The search for safe therapies to delay AD onset is urgent. While E2 is neuroprotective, its clinical use is hindered by oncologic and thrombotic risks. Furthermore, the efficacy of estrogen replacement therapy (ERT) is tied to a “critical period” or “window of opportunity” for therapeutic intervention [
10]. Research indicates that ERT may be primarily beneficial if initiated early in endocrine aging, specifically during perimenopause and early postmenopause, before irreversible cellular damage accumulates. Intervening during this crucial window may prevent cognitive decline and decrease dementia risk. This hypothesis plausibly explains the failure of large-scale trials such as the Women’s Health Initiative (WHI), which enrolled older postmenopausal women (mean age > 63), thereby missing the neuroprotective window [
39]. Beyond the timing of intervention, ERT safety and efficacy depend significantly on formulation, posology, and route of administration (e.g., transdermal vs. oral). Oral administration of E2 or ethinylestradiol (EE) is often associated with hepatic first-pass effects, increasing the synthesis of coagulation factors and sex hormone-binding globulin (SHBG), thereby heightening the risk of venous thromboembolism (VTE) [
14]. In contrast, transdermal E2 formulations are associated with superior cognitive outcomes, likely by maintaining stable physiological hormone levels and avoiding hepatic metabolism [
40]. Crucially, these benefits are maximized when therapy is initiated within five years of menopause, further supporting the critical window hypothesis for neuroprotection [
40]. Despite estrogen’s neuroprotective potential, using ERT to prevent dementia remains heavily debated due to conflicting clinical evidence.
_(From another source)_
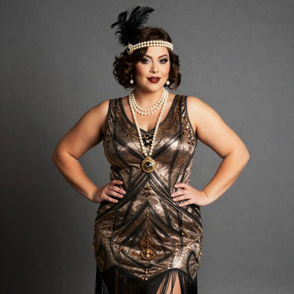 Flapper Fancy Dress Plus Size, dressed in a flapper dress and feathered accessories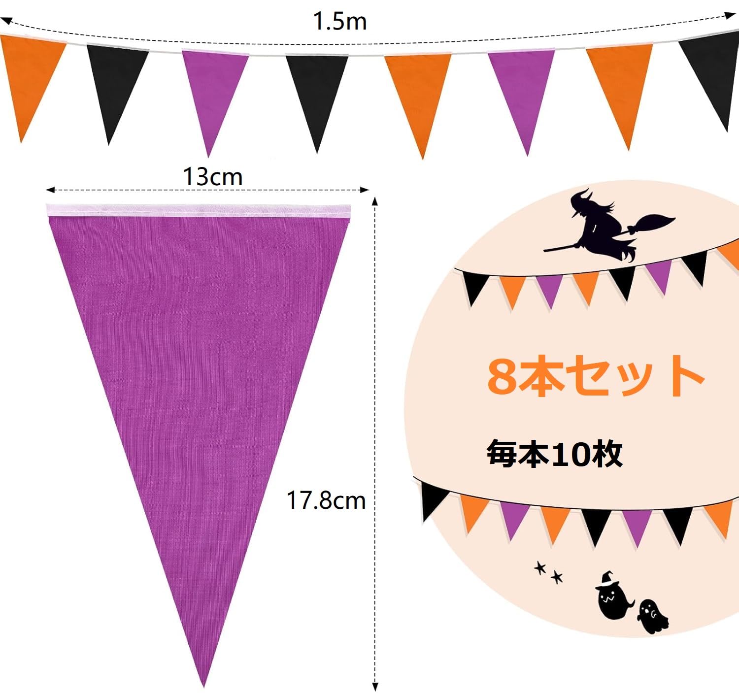 「商品仕様」:セット内容:三角旗ガーランド8本(毎本10枚)、三角旗のサイズ:13cm*17.8cm、全長1.5m/本、素材:紙、色:オレンジ+パープル+ブラック

For instance, recent Women’s Health Initiative (WHI) data do not support ERT for preventing chronic diseases like dementia [
41]. Conversely, retrospective analyses indicate that longer ERT duration and specific formulations significantly reduce AD risk [
42]. This discrepancy highlights the critical need for precision medicine approaches tailored to patient age, formulation, and treatment timing.
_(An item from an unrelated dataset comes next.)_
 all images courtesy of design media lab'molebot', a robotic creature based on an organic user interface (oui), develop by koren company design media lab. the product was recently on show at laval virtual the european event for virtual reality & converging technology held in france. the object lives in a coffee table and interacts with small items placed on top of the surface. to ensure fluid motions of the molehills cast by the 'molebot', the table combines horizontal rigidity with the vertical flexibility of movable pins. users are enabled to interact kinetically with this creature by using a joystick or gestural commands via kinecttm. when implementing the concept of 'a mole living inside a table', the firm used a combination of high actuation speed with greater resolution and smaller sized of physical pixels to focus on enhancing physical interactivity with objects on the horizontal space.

In this context, E4 presents a compelling alternative. Clinical data indicate that E4 minimally affects liver metabolism, SHBG levels, and hemostasis compared with EE-containing products, thereby suggesting a lower thrombotic risk, and displays potentially reduced breast proliferation risk [
15]. By coupling these safety advantages with the robust neuroprotection demonstrated here, E4 emerges as a highly promising candidate for long-term preventive strategies in menopausal women. Ultimately, our data provide the first preclinical evidence that E4 improves mitochondrial health and neuronal integrity in the context of AD pathology, potentially offering a safer “window of opportunity” intervention than current standard-of-care estrogens.